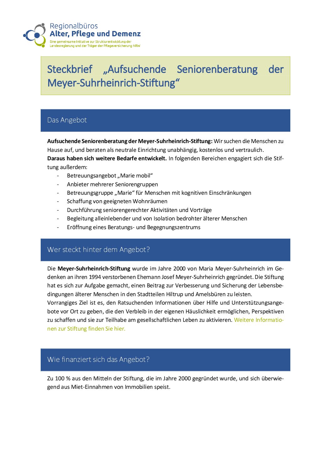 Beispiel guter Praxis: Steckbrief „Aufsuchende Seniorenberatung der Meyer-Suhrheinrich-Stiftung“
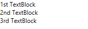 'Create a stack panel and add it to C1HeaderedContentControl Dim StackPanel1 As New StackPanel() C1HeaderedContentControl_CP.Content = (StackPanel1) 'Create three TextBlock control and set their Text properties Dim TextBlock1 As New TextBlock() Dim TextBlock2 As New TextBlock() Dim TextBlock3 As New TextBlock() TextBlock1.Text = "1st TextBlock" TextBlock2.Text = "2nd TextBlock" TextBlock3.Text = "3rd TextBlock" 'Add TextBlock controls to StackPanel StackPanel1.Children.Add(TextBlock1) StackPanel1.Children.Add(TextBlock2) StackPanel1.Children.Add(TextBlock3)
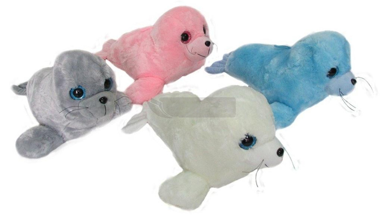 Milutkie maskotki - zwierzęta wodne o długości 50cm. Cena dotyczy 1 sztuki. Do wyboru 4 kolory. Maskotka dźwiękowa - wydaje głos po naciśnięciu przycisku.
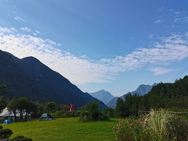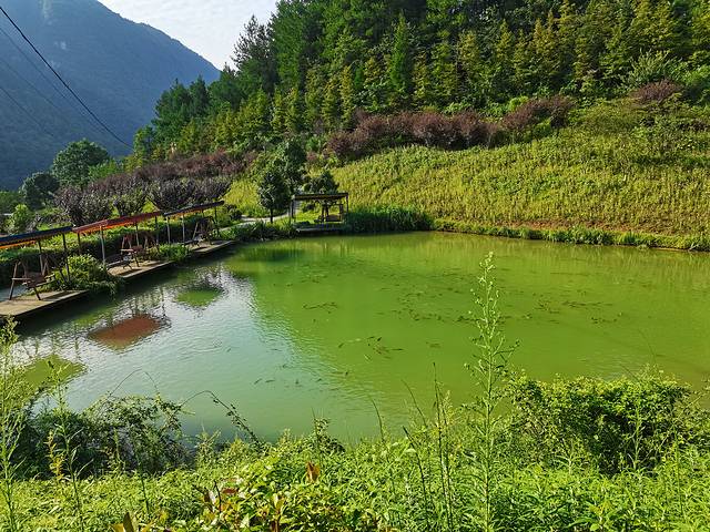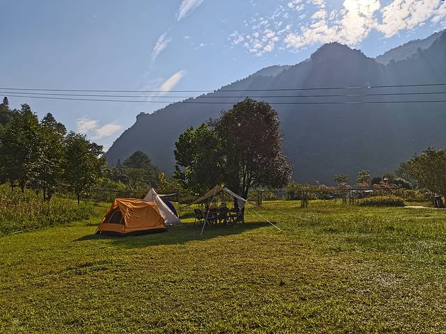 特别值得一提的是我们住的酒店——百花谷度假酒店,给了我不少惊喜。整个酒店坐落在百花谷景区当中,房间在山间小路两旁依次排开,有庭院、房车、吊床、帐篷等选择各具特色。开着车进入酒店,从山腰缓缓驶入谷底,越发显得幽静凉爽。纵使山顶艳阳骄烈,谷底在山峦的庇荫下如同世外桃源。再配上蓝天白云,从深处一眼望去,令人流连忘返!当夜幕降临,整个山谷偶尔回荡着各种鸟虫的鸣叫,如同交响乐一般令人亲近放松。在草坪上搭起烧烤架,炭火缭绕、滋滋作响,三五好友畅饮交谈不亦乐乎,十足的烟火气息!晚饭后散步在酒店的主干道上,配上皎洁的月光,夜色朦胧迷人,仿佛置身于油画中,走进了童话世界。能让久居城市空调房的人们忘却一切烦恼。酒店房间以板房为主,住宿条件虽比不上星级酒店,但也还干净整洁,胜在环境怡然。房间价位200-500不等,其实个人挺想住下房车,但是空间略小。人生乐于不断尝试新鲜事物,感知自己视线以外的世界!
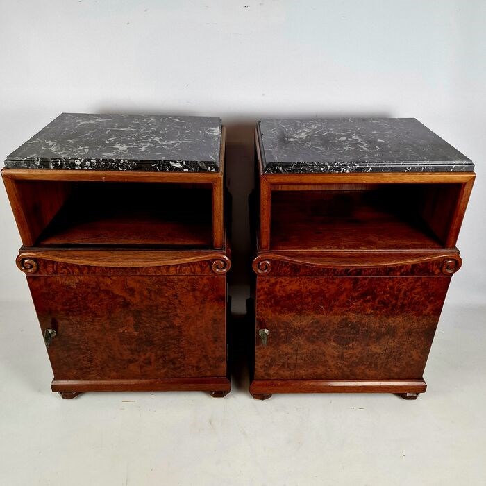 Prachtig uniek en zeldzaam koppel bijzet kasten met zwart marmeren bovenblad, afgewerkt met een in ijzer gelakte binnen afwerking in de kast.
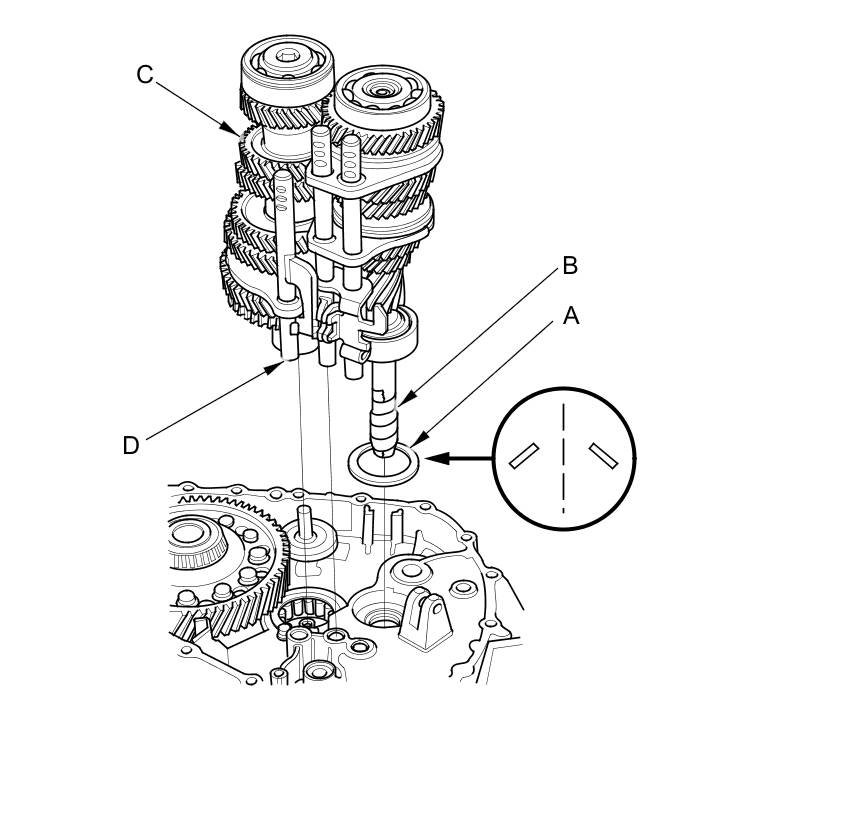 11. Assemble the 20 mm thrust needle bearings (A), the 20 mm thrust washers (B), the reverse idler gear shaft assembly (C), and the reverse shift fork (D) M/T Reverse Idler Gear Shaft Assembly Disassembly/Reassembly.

* TASK ITEM:
Starting at the first line of the material, output exactly the lines up to and including the one with "Milutkie maskotki - zwierzęta". Do not include the pictures.

* ANSWER:
 Beispiel guter Praxis: Steckbrief „Aufsuchende Seniorenberatung der Meyer-Suhrheinrich-Stiftung“
 'Create a stack panel and add it to C1HeaderedContentControl Dim StackPanel1 As New StackPanel() C1HeaderedContentControl_CP.Content = (StackPanel1) 'Create three TextBlock control and set their Text properties Dim TextBlock1 As New TextBlock() Dim TextBlock2 As New TextBlock() Dim TextBlock3 As New TextBlock() TextBlock1.Text = "1st TextBlock" TextBlock2.Text = "2nd TextBlock" TextBlock3.Text = "3rd TextBlock" 'Add TextBlock controls to StackPanel StackPanel1.Children.Add(TextBlock1) StackPanel1.Children.Add(TextBlock2) StackPanel1.Children.Add(TextBlock3)
 Milutkie maskotki - zwierzęta wodne o długości 50cm. Cena dotyczy 1 sztuki. Do wyboru 4 kolory. Maskotka dźwiękowa - wydaje głos po naciśnięciu przycisku.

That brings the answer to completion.